Quels sont les principaux obstacles ?
Il y en a quatre, dont deux concernent les partenariats nationaux et régionaux.
Premièrement, la politique agricole et la politique de cohésion ont été considérablement réduites. La PAC est sans doute la plus touchée, avec une baisse de près de 30 % de sa valeur en termes réels.
Globalement, la PAC et la cohésion représentent chacune environ un tiers du CFP actuel. Avec 865 milliards d’euros, les plans de partenariat nationaux et régionaux représentent moins de la moitié du nouveau CFP proposé.
La proposition de réduire la PAC a évidemment suscité la colère des agriculteurs de l’Union (en particulier en France) ainsi que des principaux bénéficiaires des fonds de cohésion, comme la Pologne.
Deuxièmement, la tentative de lier l’octroi des fonds à des réformes spécifiques est considérée par beaucoup comme une tentative de « renationalisation » du CFP et de centralisation du pouvoir à Bruxelles.
Ces critiques sont même formulées par des membres du Parti populaire européen (PPE), le parti de centre-droit dont appartient Ursula von der Leyen.
« Nous, le Parlement européen, ne pouvons accepter que le budget de l’Union européenne devienne la somme de 27 agendas nationaux différents, qui finiront par entrer en conflit », a fait savoir Siegfried Mureșan, rapporteur principal du PPE pour le CFP.
Troisièmement, il est très improbable que l’Allemagne et les Pays-Bas acceptent sans broncher une forte augmentation du RNB du CFP, même si celle-ci sert à rembourser NextGenEU. Le ministre néerlandais des Finances, Eelcon Heine, a d’ailleurs déjà averti que le CFP proposé par la Commission était « trop élevé » et que des « choix difficiles » (traduction : des coupes) devaient être faits.

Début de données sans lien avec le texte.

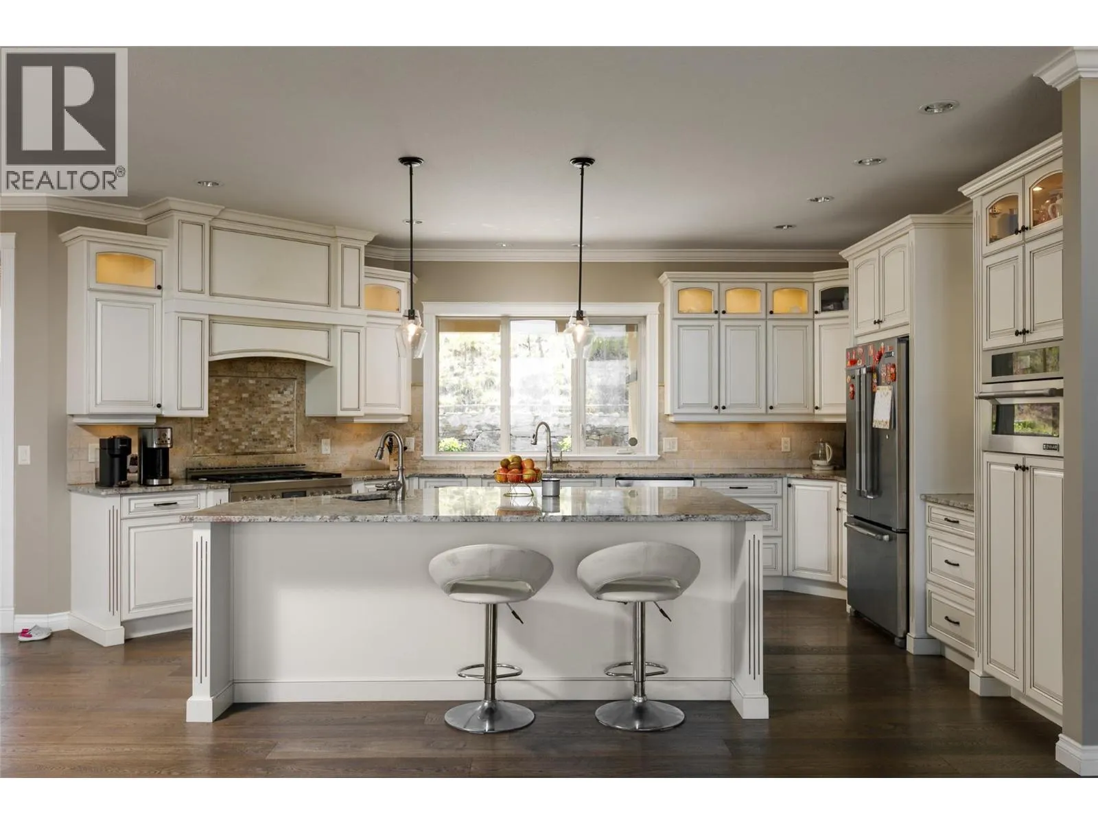 Looking for both luxury and value? This stunning custom home offers the best of both worlds plus valley, mountain and lake views beyond all in the sought-after Highlands Kettle Valley neighborhood! Built with incredible attention to detail, this 4 bedroom, 4 bathroom home showcases quality finishings throughout. The main floor features an open concept layout with soaring ceilings, oversized windows and glass doors that capture the breathtaking views and lead to spacious sundecks and a covered deck perfect for sunset watching and BBQs. The chefâs kitchen is designed for entertaining with gorgeous granite countertops, a large flat island with bonus prep sink, and premium Jenn-Air appliances including a 6-burner gas range. The luxurious primary suite offers a spa-inspired 5-piece ensuite with heated floors, travertine tile, glass rain shower, soaker tub and a large walk-in closet with built-in organizers. A second main floor bedroom includes patio access and its own ensuite. The lower level is ideal for family living with a large rec room, games room, media room with wet bar, two additional bedrooms, a full bathroom, storage and a mud room. The triple car garage features a double bay plus an extended single bay with EV hookup and space for a workshop and all your toys. Spacious room sizes throughout! Perfect for your growing family or empty nester looking for a great property to call home and entertain friends and family alike! (id:27476)

Parallèlement à cela, la France a assuré mercredi qu’elle verserait à l’UE moins que prévu en 2026.
La quatrième et dernière question concerne l’Europe dans le monde. La Hongrie, en particulier, craint que ce fonds ne soit utilisé pour soutenir en grande partie l’adhésion de l’Ukraine, à laquelle elle s’oppose farouchement.
« La proposition budgétaire de la Commission européenne n’est pas seulement injuste, elle n’est même pas négociable », a écrit le Premier ministre Viktor Orbán sur Twitter. « La Hongrie reste ferme, nous donnerons toujours la priorité à nos familles — Bruxelles doit être arrêtée ! »
En résumé, le budget 2028–2034 est plus ambitieux que jamais sur le papier, mais sa présentation a été chaotique, ses chiffres confus, et son adoption s’annonce semée d’embûches. La bataille politique qui s’ouvre promet d’être longue, technique et hautement politique.